SERINE PROTEINASE INHIBITOR-9, AN ENDOGENOUS BLOCKER OF GRANZYME B/PERFORIN LYTIC PATHWAY, IS HYPEREXPRESSED DURING ACUTE REJECTION OF RENAL ALLOGRAFTS

Background. Serine proteinase inhibitor (PI)-9 with a reactive center P1 (Glu)-P1′ is a natural antagonist of granzyme B and is expressed in high levels in cytotoxic T lymphocytes (CTL). In view of the role of CTL in acute rejection, we explored the hypothesis that PI-9 would be hyperexpressed during acute rejection.

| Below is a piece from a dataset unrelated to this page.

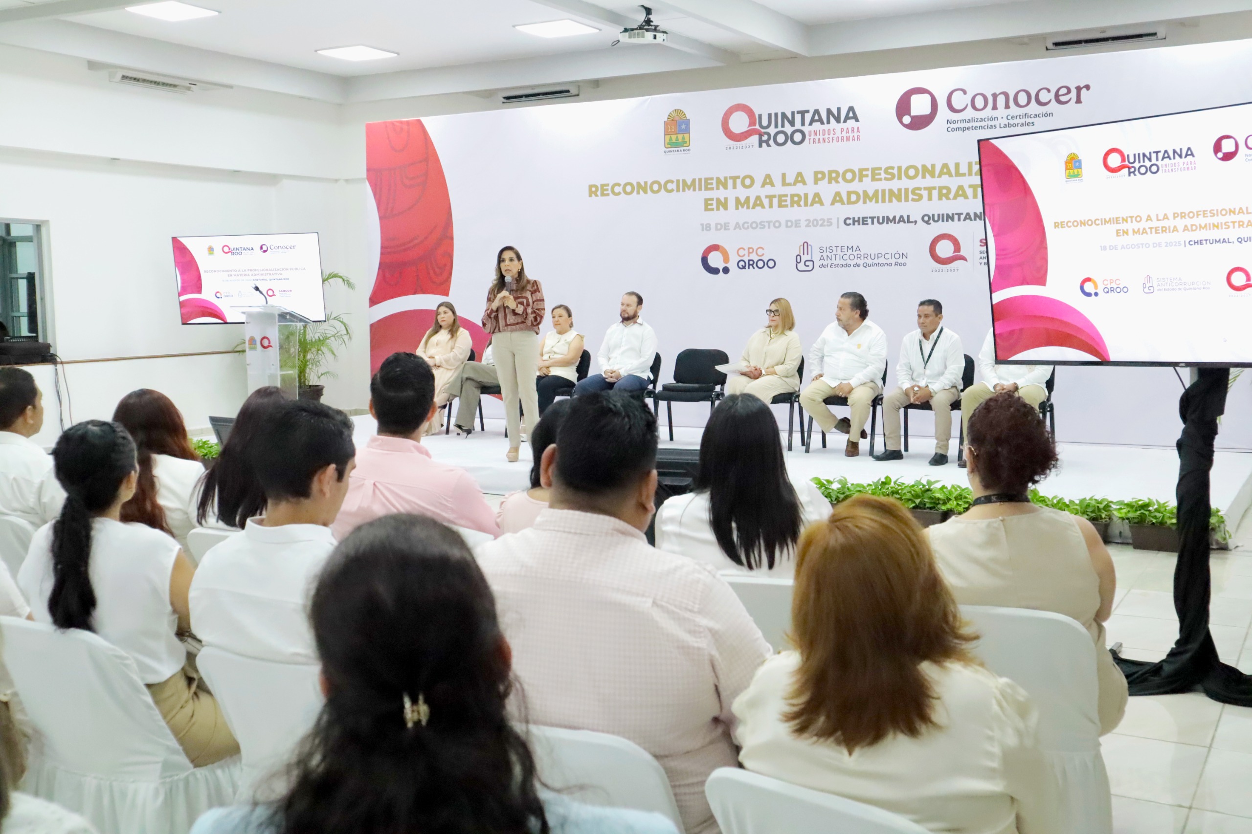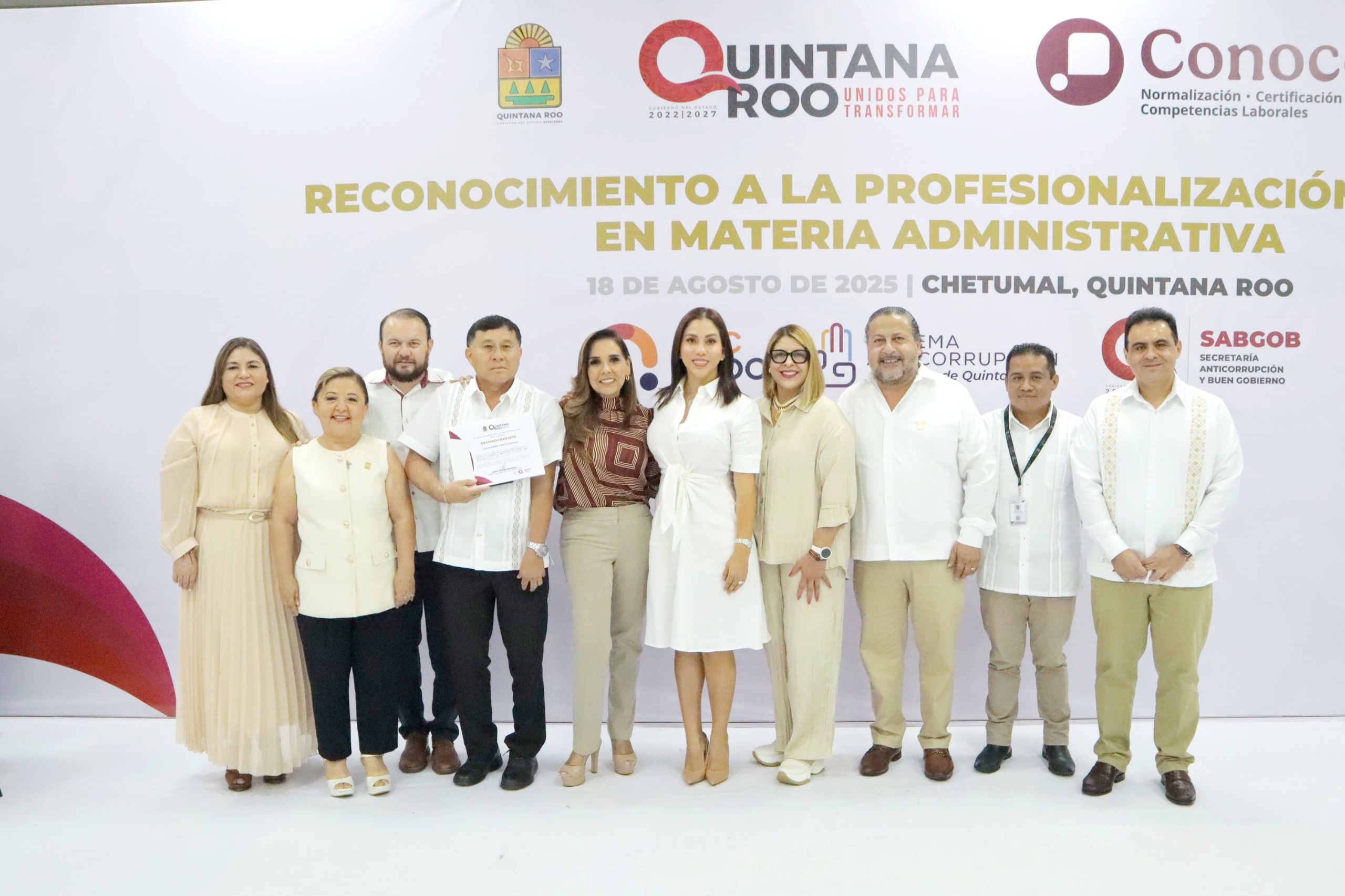 Chetumal, Quintana Roo, a 18 de agosto de 2025.- Personal del Órgano Interno de Control (OIC) del Tribunal Electoral de Quintana Roo (TEQROO) recibió un reconocimiento por su certificación en el Estándar de Competencia EC1556: “Realización de Acciones de Investigación de Responsabilidad de Faltas Administrativas”, durante el evento “Reconocimiento a la Profesionalización Pública en Materia Administrativa”, celebrado en el Auditorio de la Escuela Judicial del Poder Judicial del Estado de Quintana Roo.

Because PI-9 can protect CTL from its own fatal arsenal and potentially enhance the vitality of CTL, we examined whether PI-9 levels correlate with the severity of rejection as well as predict subsequent graft function. Methods. We obtained 95 urine specimens from 87 renal allograft recipients. RNA was isolated from the urinary cells and mRNA encoding PI-9, granzyme B, or perforin and a constitutively expressed 18S rRNA was measured with the use of real-time quantitative polymerase chain reaction assay, and the level of expression was correlated with allograft status. Results. The levels of PI-9 (P =0.001), granzyme B (P <0.0001), and perforin mRNAs (P <0.0001), but not the levels of 18S rRNA (P =0.54), were higher in the urinary cells from the 29 patients with a biopsy-confirmed acute rejection than in the 58 recipients without acute rejection. PI-9 levels were significantly higher in patients with type II or higher acute rejection changes compared with those with less than type II changes (P =0.01). Furthermore, PI-9 levels predicted subsequent graft function (r =0.43, P =0.01). Conclusions. PI-9 mRNA levels in urinary cells are diagnostic of acute rejection, predict renal allograft histology grade, and predict functional outcome following an acute rejection episode.

Molecular signatures of urinary cells distinguish acute rejection of renal allografts from urinary tract infection

Acute rejection (AR) and urinary tract infection (UTI) continue to plague renal transplantation. We tested the hypotheses that UTI does not increase granzyme B mRNA levels in urinary cells, and that the levels distinguish AR from UTI. We measured the levels of granzyme B mRNA in 15 urine specimens from renal allograft recipients with UTI, 29 specimens from patients with AR but without UTI, and 14 specimens from patients without AR and without UTI. We also measured transcript levels in urine specimens from 41 nontransplant individuals, 11 with UTI and 30 without UTI. UTI did not increase granzyme B mRNA levels. Granzyme B mRNA levels were lower in renal allograft recipients with UTI compared with those with AR (P<0.0001). We conclude that bacterial UTI is unlikely to confound AR diagnosis made by measurement of granzyme B mRNA levels in urinary cells.